◆ **DATA FOR REVIEW**:

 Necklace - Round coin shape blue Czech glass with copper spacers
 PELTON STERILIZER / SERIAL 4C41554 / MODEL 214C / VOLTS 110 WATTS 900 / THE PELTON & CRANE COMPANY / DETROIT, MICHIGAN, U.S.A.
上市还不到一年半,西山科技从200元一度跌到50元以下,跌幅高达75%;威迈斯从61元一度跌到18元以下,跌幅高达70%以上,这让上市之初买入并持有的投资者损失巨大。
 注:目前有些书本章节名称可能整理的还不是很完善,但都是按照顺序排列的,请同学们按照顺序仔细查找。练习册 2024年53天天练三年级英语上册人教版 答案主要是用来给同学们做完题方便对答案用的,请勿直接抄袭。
* * *
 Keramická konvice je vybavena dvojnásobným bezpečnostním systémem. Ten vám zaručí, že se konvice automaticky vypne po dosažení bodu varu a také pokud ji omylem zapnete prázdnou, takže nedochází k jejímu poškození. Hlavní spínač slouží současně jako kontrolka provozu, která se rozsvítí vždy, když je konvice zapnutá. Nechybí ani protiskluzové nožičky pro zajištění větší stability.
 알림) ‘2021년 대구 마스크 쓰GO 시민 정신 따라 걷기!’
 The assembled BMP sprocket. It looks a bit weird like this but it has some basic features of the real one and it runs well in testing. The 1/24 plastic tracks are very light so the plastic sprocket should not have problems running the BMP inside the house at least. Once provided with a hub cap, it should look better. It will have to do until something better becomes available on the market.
---
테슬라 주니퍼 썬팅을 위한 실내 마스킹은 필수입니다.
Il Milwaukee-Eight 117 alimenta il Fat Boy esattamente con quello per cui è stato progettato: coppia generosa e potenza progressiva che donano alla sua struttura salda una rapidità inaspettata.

◆ **WHAT IS BEING ASKED**:
Report every line in the data above in which the word "with" appears.

◆ **TASK SOLUTION**:
 Necklace - Round coin shape blue Czech glass with copper spacers
 The assembled BMP sprocket. It looks a bit weird like this but it has some basic features of the real one and it runs well in testing. The 1/24 plastic tracks are very light so the plastic sprocket should not have problems running the BMP inside the house at least. Once provided with a hub cap, it should look better. It will have to do until something better becomes available on the market.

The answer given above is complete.